= WHAT TO DO =
Down to the last line, set down the listing below exactly, apart from its pictures.

= SOURCE MATERIAL =
__________________________________________________

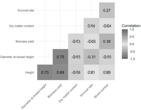 Slightly positive correlations between the survival rate and the number of resprouting shoots (0.27), as well as the number of resprouting shoots and the dry matter biomass yield (0.38), were calculated (Figure 6). Furthermore, a strong correlation between plant height and DBH (0.73) was found in this study. This is also affirmed by the close correlations between DBH and biomass yield (0.75), and between plant height and biomass yield (0.69) (Figure 6).
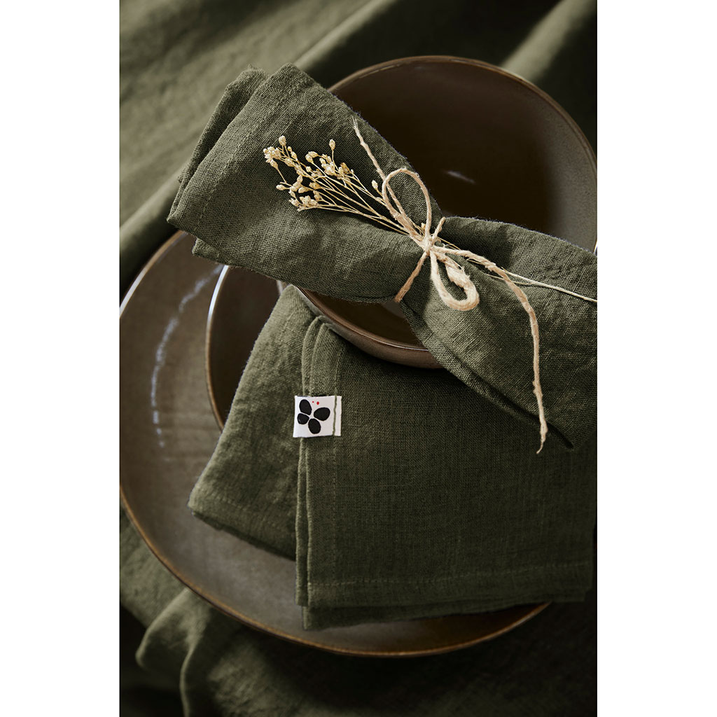 Ajoutez une touche d'élégance à votre table avec notre Lot de 3 serviettes en lin lavé thym 40x40cm - Soline.
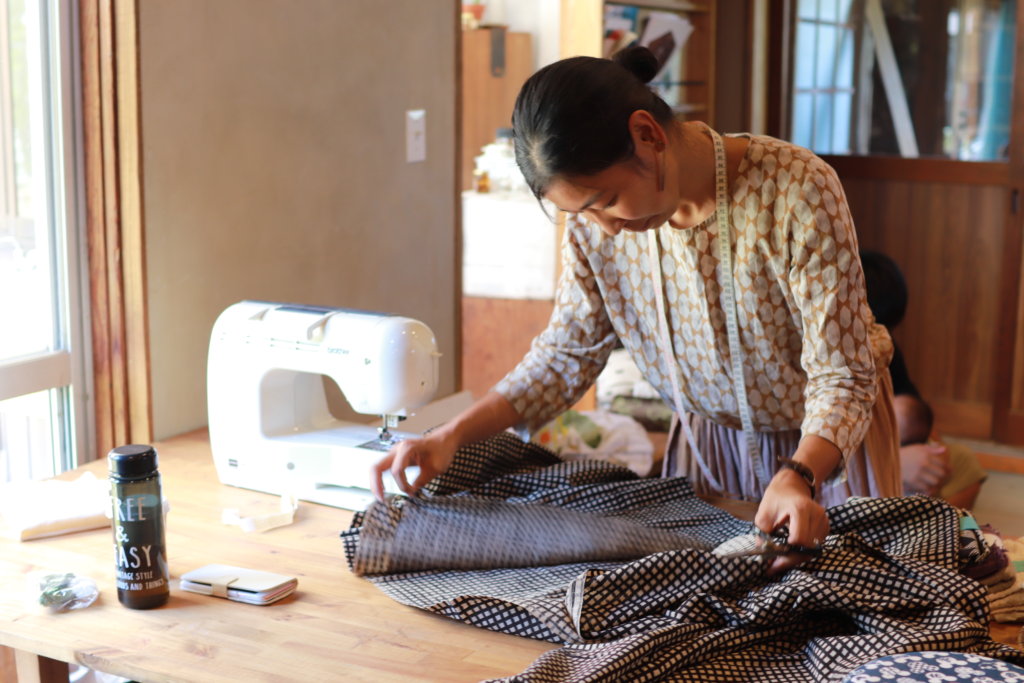 そして奥にはワークショップスペースが。取材させていただいた日は月に一度のオープンラボの日で、design labo chicaの布で下着を作っていました。

__________________________________________________

= ANSWER SPACE =
 Slightly positive correlations between the survival rate and the number of resprouting shoots (0.27), as well as the number of resprouting shoots and the dry matter biomass yield (0.38), were calculated (Figure 6). Furthermore, a strong correlation between plant height and DBH (0.73) was found in this study. This is also affirmed by the close correlations between DBH and biomass yield (0.75), and between plant height and biomass yield (0.69) (Figure 6).
 Ajoutez une touche d'élégance à votre table avec notre Lot de 3 serviettes en lin lavé thym 40x40cm - Soline.
 そして奥にはワークショップスペースが。取材させていただいた日は月に一度のオープンラボの日で、design labo chicaの布で下着を作っていました。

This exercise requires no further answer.